== TASK ==
Each line of the material must be reproduced exactly; pictures stay out.

== DATA SHOWN ==
= Beginning of Section =

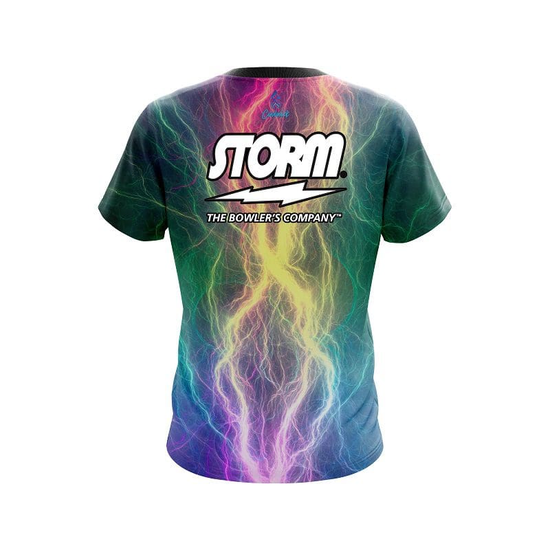 Stay 40% cooler with CoolWick. Our Storm Multi Color Electric CoolWick Bowling Jerseys are made of two different fabrics with the back being our CoolWick technology fabric that helps wick moisture away and helps air flow more easily through the fibers.
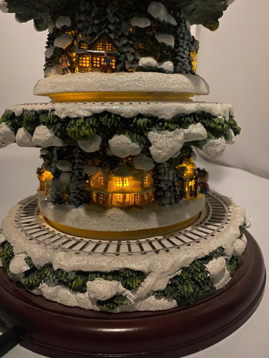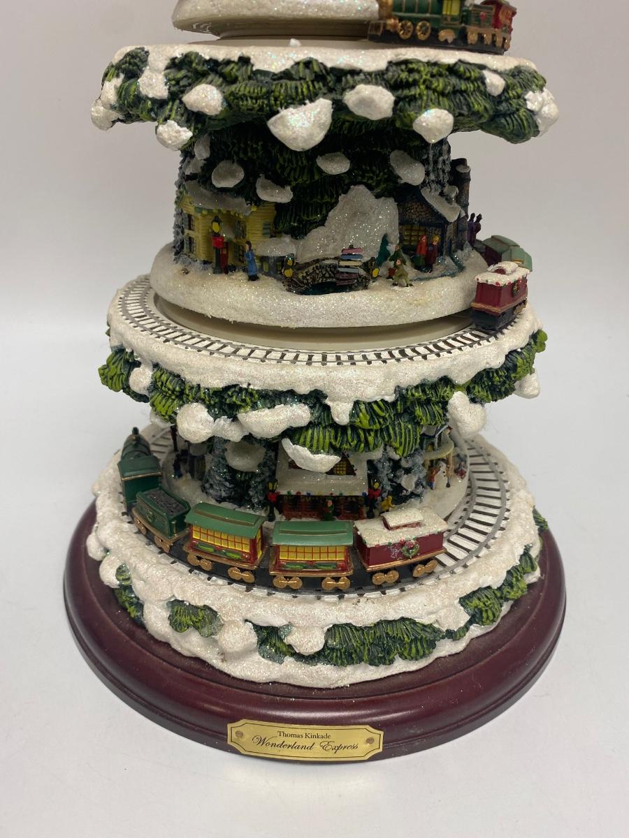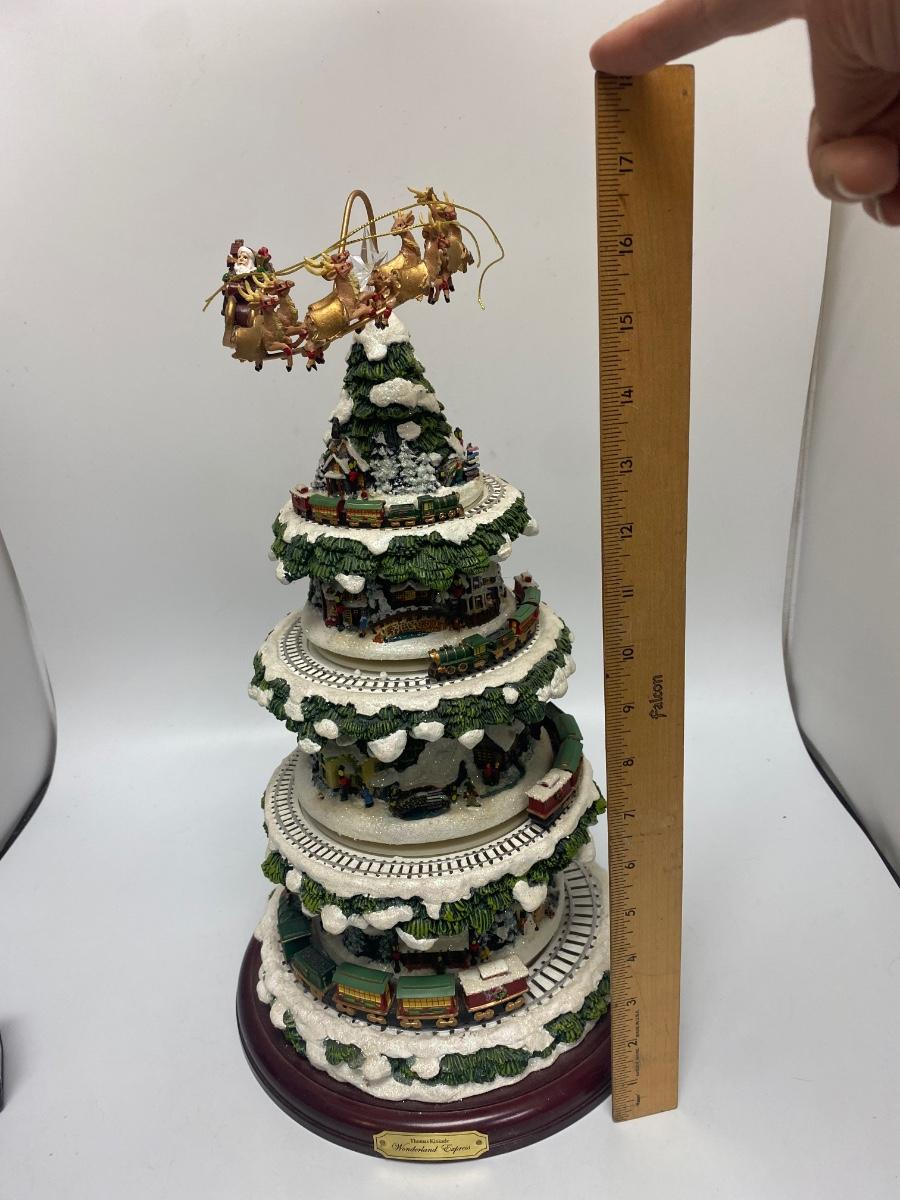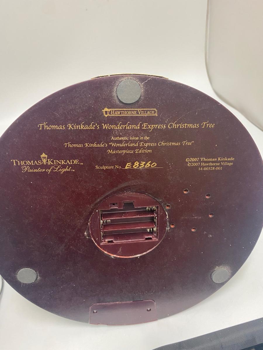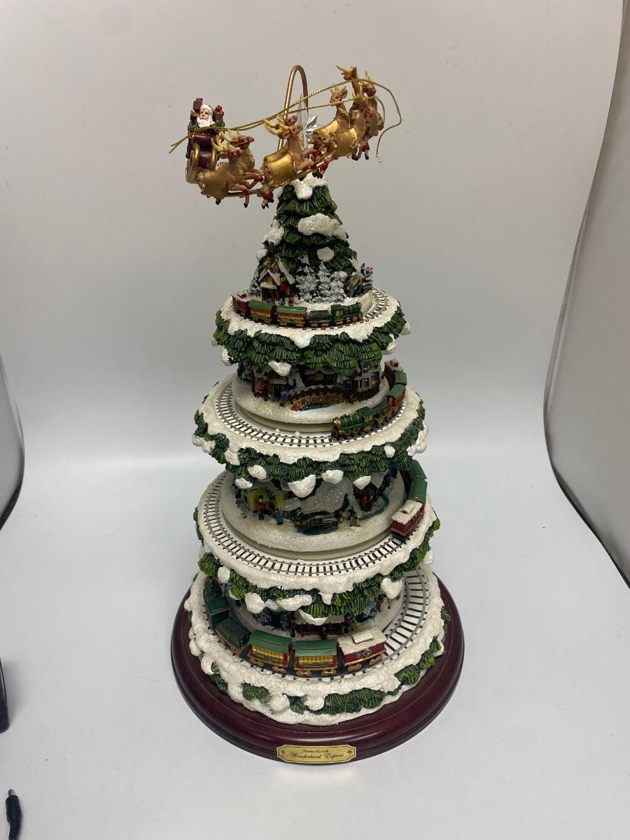 Thomas Kinkade's Wonderland Express Christmas Tree Lighted Display. Comes in original box. Lights up, trains move around the tree, and Santa flies over head. Does not play music anymore. Has a power cord, but it fits loose. Can also hold batteries in the bottom, that may control music but untested. About 17" tall. Tree looks to be in good condition, did not notice any broken or chipped spots.
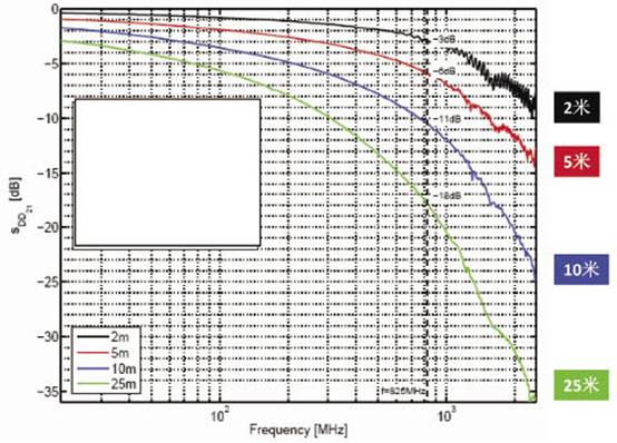 圖2 HDMI線纜中輸入信號(hào)的衰減隨信號(hào)頻率的變化
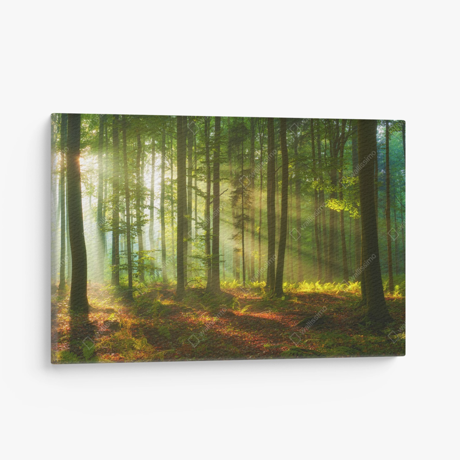 Leinwandbild Morgendliches licht im grünen wald

= End of Section =

== ANSWER TO THIS TASK ==
 Stay 40% cooler with CoolWick. Our Storm Multi Color Electric CoolWick Bowling Jerseys are made of two different fabrics with the back being our CoolWick technology fabric that helps wick moisture away and helps air flow more easily through the fibers.
 Thomas Kinkade's Wonderland Express Christmas Tree Lighted Display. Comes in original box. Lights up, trains move around the tree, and Santa flies over head. Does not play music anymore. Has a power cord, but it fits loose. Can also hold batteries in the bottom, that may control music but untested. About 17" tall. Tree looks to be in good condition, did not notice any broken or chipped spots.
 圖2 HDMI線纜中輸入信號(hào)的衰減隨信號(hào)頻率的變化
 Leinwandbild Morgendliches licht im grünen wald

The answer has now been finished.